FDA drug labeling documents a minor-severity interaction between Nalbuphine and Phenelzine. Major interactions are generally avoided, moderate ones may need monitoring or a dose adjustment, and minor ones are usually low-risk. This page shows the documented mechanism and guidance. Label-documented interactions are not a complete safety review, so always confirm your own medications with a pharmacist or doctor. Educational information, not medical advice.

Drug A

Nalbuphine

Opioid Agonist-Antagonist

Drug B

Phenelzine

Monoamine Oxidase Inhibitor (MAOI)

How They Interact

Combining these drugs can cause serotonin levels to become dangerously high or make the opioid effects much stronger. This can lead to serious breathing problems or a condition called serotonin syndrome.

What To Do

Use this combination with extreme caution. Your doctor will need to watch you closely for signs of breathing trouble or confusion.

FDA Label Information

Monoamine Oxidase Inhibitors (MAOIs) MAOI (e.g., phenelzine, tranylcypromine, linezolid) interactions with opioids may manifest as serotonin syndrome [see Drug Interactions ] or opioid toxicity (e.g., respiratory depression, coma [see WARNINGS ]).

Phenelzine Also Interacts With

View all Phenelzine interactions →

Frequently Asked Questions

Can I take Nalbuphine and Phenelzine together?

This is a minor interaction. Use this combination with extreme caution. Your doctor will need to watch you closely for signs of breathing trouble or confusion.

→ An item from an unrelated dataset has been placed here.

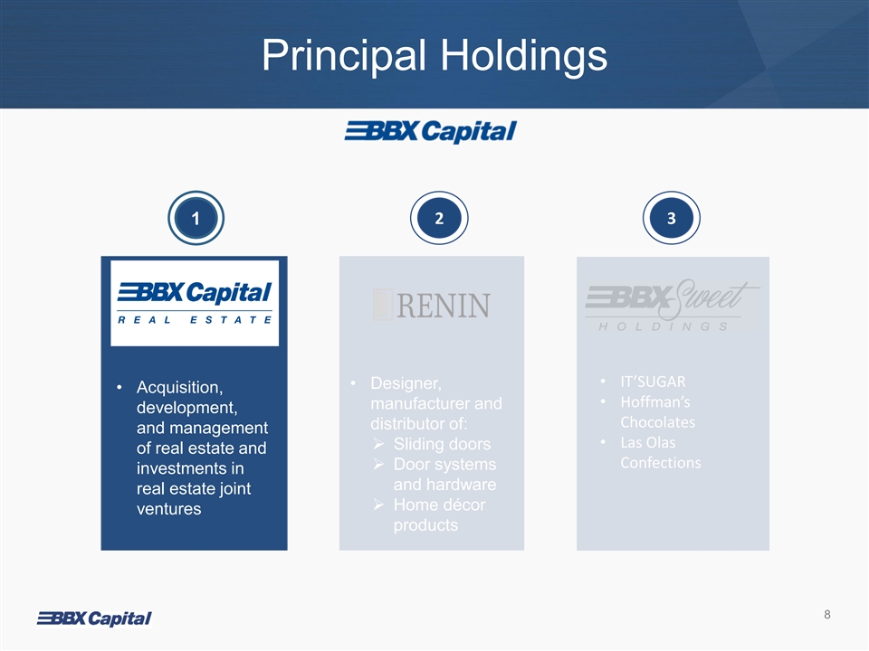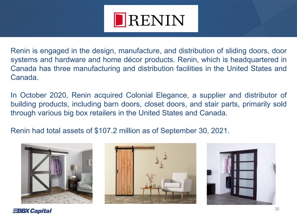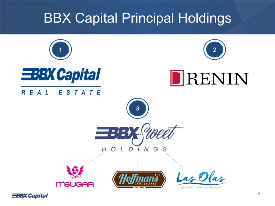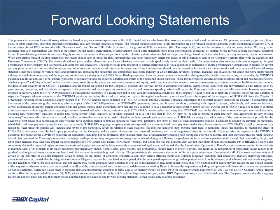 Forward Looking Statements This presentation contains forward-looking statements based largely on current expectations of the BBX Capital and its subsidiaries that involve a number of risks and uncertainties. All opinions, forecasts, projections, future plans, or other statements, other thanstatements of historical fact, are forward-lookingstatements. The forward-lookingstatements in thispresentation are also forward-lookingstatements within the meaning ofSection 27Aof the Securities Act of 1933, as amended (the“SecuritiesAct”), and Section 21E of the Securities Exchange Act of 1934, as amended (the“ExchangeAct”), and involve substantial risks and uncertainties. We can give no assurance that such expectations will prove to be correct. Actual results, performance, or achievements could differ materially from those contemplated, expressed, or implied by the forward-looking statements contained herein. Forward-looking statements are based largely on our expectations and are subject to a number of risks and uncertainties that are subject to change based on factors which are, in many instances, beyond our control. When considering forward-looking statements, the reader should keep in mind the risks, uncertainties, and other cautionary statements made in this presentation and in theCompany’s reports filed with the Securities and Exchange Commission(“SEC”). The reader should not place undue reliance on any forward-looking statement, which speaks only as of the date made. This presentation also contains information regarding the past performance of the Company and its respective investments and operations. The reader should note that prior or current performance is not a guarantee or indication of future performance. Comparisons of results for current and any prior periods are not intended to express any future trends or indications of future performance, and all such information should only be viewed as historical data. Future results and the accuracy of forward-looking statements may be affected by various risks and uncertainties, including the residential and commercial real estate industry in which BBXRE develops, operates, manages, and invests in real estate, the home improvement industryin which Renin operates, and the sugar and confectioneryindustryin which BBX Sweet Holdings operates. Risks and uncertainties include risks relating to public health issues, including, in particular, the COVID-19 pandemicand its variants, as itisnot currentlypossible toaccuratelyassess theexpectedduration and effects ofthe pandemic on ourbusiness. These include required closures ofretaillocations,travelandbusinessrestrictions, “shelter inplace” and“stay athome” orders and advisories, volatility in the global and national economies and equity, credit, and commodities markets, worker absenteeism, quarantines, and other health-related restrictions; the duration and severity of the COVID-19 pandemic and the impact on demand for theCompany’s products and services, levels of consumer confidence, supply chains, labor costs and raw materials costs; actions taken by governments, businesses, and individuals in response to the pandemic and their impact on economic activity and consumer spending, which will impact theCompany’s ability to successfully resume full business operations; the pace of recovery when the COVID-19 pandemic subsides and the possibility of a resurgence and/or new variants; competitive conditions; theCompany’s liquidity and the availability of capital; the effects and duration of steps the Company takes in response to the COVID-19 pandemic, including the inability to rehire or replace furloughed employees or retain employees: the impact of the emergence ofIT’SUGAR from the Chapter 11 proceedings, revesting of theCompany’s equity interest inIT’SUGAR and the reconsolidation ofIT’SUGAR’s results into theCompany’s financial statements; the potential adverse impact of the Chapter 11 proceedings and the success of the restructuring; the continuing adverse impact of the COVID-19 pandemic onIT’SUGAR’s operations, results, and financial condition, including with respect to demand, sales levels, and consumer behavior, as well as increased inventory, freight, and labor costs and general supplychain disruptions, have had and maycontinue to have a material adverse effect in future periods; the risk thatIT’SUGAR maynot be able to continue to increase prices without significantly impacting consumer demand and sales volume; risks relating toIT’SUGAR’s business plans, including thatIT’SUGAR may not be able to fund or otherwise open new retail locations, including new“temporary” locations or future new“largeformat” retail locations, as or when expected, or at all; the risk thatIT’SUGAR may not be able to extend or enter into new lease agreements for any existing “temporary” locations which it desires to extend, whether on favorable terms or at all; risks related to the lease amendments entered into byIT’SUGAR, including that, while many of the lease amendments provide for the payment of rent based on a percentage of sales volumes for a specified period of time as opposed to fixed rental payments, the terms of many of such amendments requireIT’SUGAR to resume the payment of previously scheduled fixed lease payments going forward and, as a result,IT’SUGAR’s ongoing occupancy costs are expected to increase as fixed rental payments under these leases resume andIT’SUGAR’s overall exposure to risks related to fixed rental obligations will increase and revert to pre-bankruptcy levels in relation to such locations; the risk that landlords may exercise their right to terminate leases; the inability to predict the effect of IT’SUGAR’s emergence from the bankruptcy proceedings on the Company and its results of operation and financial condition; the risk of heightened litigation as a result of actions taken in response to the COVID-19 pandemic; th

How serious is the interaction between Nalbuphine and Phenelzine?

This interaction is classified as "minor" severity by the FDA. Minor interactions are unlikely to cause significant problems but should still be mentioned to your healthcare provider.

Why do Nalbuphine and Phenelzine interact?

Combining these drugs can cause serotonin levels to become dangerously high or make the opioid effects much stronger. This can lead to serious breathing problems or a condition called serotonin syndrome.

Understanding the Nalbuphine and Phenelzine Interaction

FDA-approved prescribing information for these two drugs flags their combination as a minor-severity interaction. Nalbuphine belongs to the Opioid Agonist-Antagonist class and Phenelzine belongs to the Monoamine Oxidase Inhibitor (MAOI) class - two categories that can collide when co-prescribed. The mechanism described in FDA labeling is: Combining these drugs can cause serotonin levels to become dangerously high or make the opioid effects much stronger. Severity tiers matter: major flags generally advise avoidance, moderate flags often require monitoring or dose adjustment, and minor flags may only call for awareness.

Context around a specific patient determines real-world impact. Nalbuphine has 19 total documented interactions on file in this dataset, and Phenelzine has 27. Each additional medication compounds the interaction surface, which is why pharmacists run full-profile checks rather than evaluating one pair at a time. FDA-derived guidance for this pair is: Use this combination with extreme caution. Timing of doses, renal and hepatic function, age, and other concurrent prescriptions all shape whether a labeled interaction matters clinically.

An interaction flag is not a verdict. A large share of labeled interactions are managed routinely in clinical practice, the fix may be as simple as spacing doses or adding a monitoring test. Others require the prescriber to choose a different medication entirely. This page surfaces FDA-sourced labeling and openFDA data for educational purposes only; it is not medical advice and cannot account for your full clinical picture. Never start, stop, or adjust either Nalbuphine or Phenelzine based on a web page, speak with your prescriber or pharmacist before making any change.